**EXERCISE**. Set down the data below from its first line to the line holding "Оставить банку с", inclusive; omit all pictures.

╭─ DATA TO USE

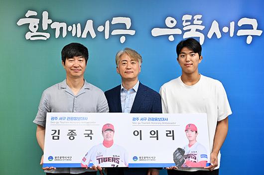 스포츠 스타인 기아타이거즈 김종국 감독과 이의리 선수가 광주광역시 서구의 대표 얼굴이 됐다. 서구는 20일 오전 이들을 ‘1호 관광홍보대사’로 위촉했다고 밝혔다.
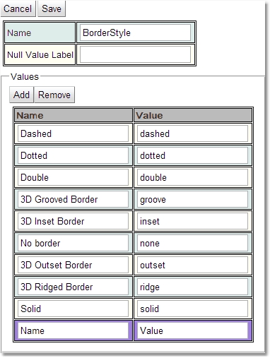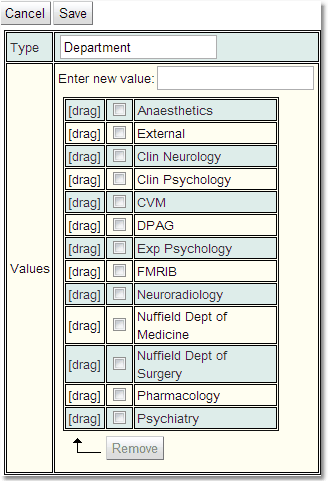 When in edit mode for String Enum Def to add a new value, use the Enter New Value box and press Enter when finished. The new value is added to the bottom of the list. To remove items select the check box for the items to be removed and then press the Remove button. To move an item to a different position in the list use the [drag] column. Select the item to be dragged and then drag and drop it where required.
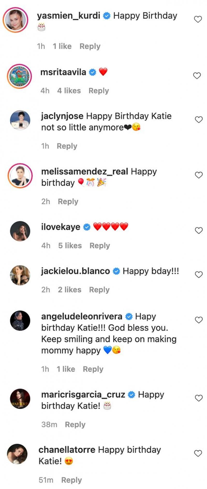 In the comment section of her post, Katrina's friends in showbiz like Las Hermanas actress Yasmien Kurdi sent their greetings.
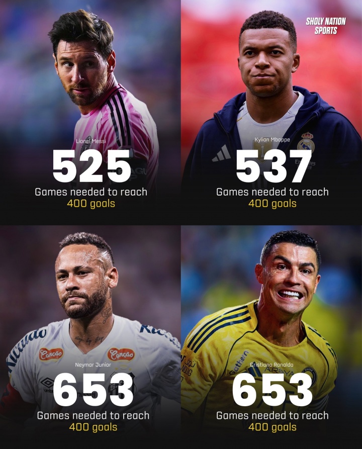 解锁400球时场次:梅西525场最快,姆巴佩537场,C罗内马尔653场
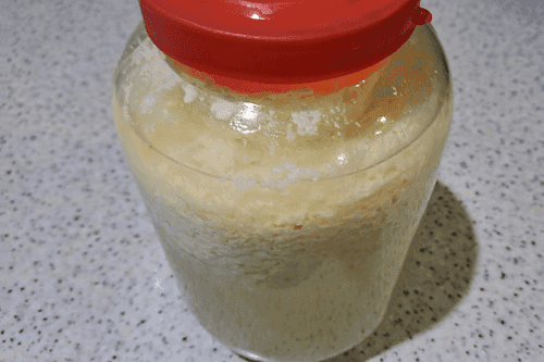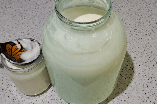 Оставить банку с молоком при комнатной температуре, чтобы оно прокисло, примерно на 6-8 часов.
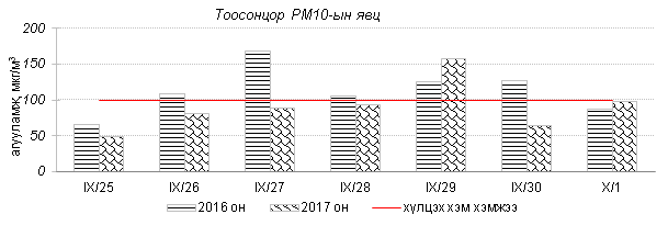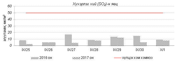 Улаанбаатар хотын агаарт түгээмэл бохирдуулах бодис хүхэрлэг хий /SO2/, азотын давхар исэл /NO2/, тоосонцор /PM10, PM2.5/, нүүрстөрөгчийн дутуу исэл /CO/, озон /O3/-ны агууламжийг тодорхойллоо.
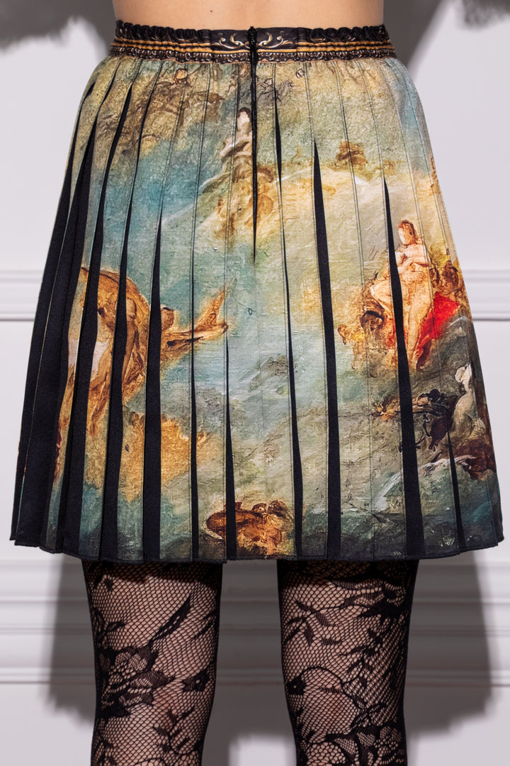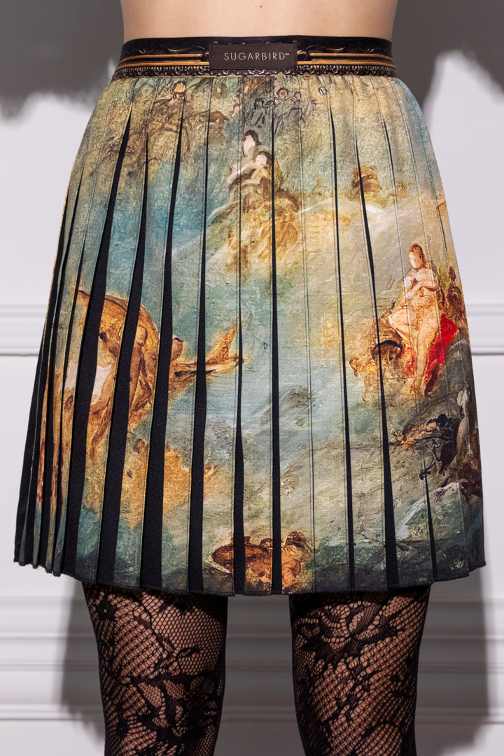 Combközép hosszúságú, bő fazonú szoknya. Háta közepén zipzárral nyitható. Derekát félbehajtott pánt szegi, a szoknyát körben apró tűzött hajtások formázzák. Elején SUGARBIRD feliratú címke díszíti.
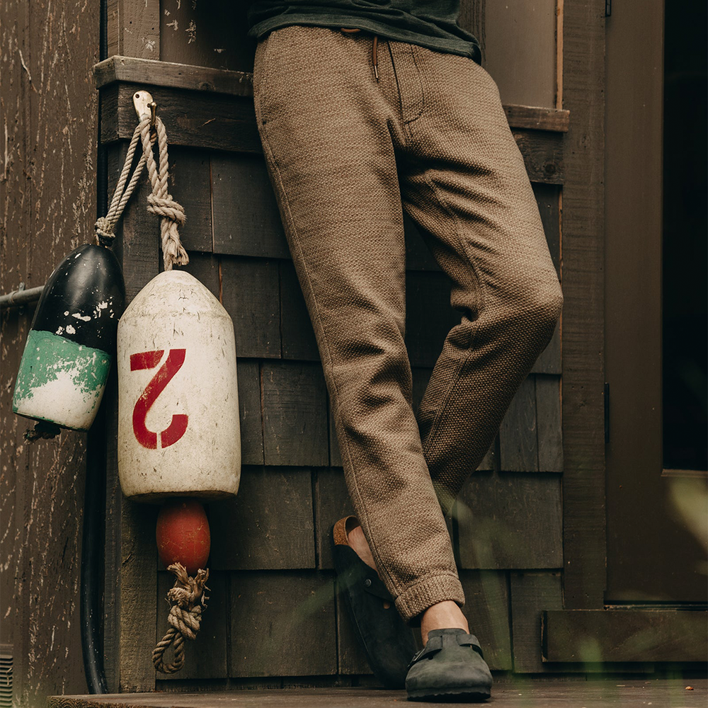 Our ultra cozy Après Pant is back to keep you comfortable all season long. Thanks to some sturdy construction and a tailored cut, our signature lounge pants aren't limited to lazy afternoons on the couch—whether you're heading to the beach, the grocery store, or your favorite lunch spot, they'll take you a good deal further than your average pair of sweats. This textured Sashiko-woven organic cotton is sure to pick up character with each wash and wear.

╰─

**EXERCISE RESULT**.
 스포츠 스타인 기아타이거즈 김종국 감독과 이의리 선수가 광주광역시 서구의 대표 얼굴이 됐다. 서구는 20일 오전 이들을 ‘1호 관광홍보대사’로 위촉했다고 밝혔다.
 When in edit mode for String Enum Def to add a new value, use the Enter New Value box and press Enter when finished. The new value is added to the bottom of the list. To remove items select the check box for the items to be removed and then press the Remove button. To move an item to a different position in the list use the [drag] column. Select the item to be dragged and then drag and drop it where required.
 In the comment section of her post, Katrina's friends in showbiz like Las Hermanas actress Yasmien Kurdi sent their greetings.
 解锁400球时场次:梅西525场最快,姆巴佩537场,C罗内马尔653场
 Оставить банку с молоком при комнатной температуре, чтобы оно прокисло, примерно на 6-8 часов.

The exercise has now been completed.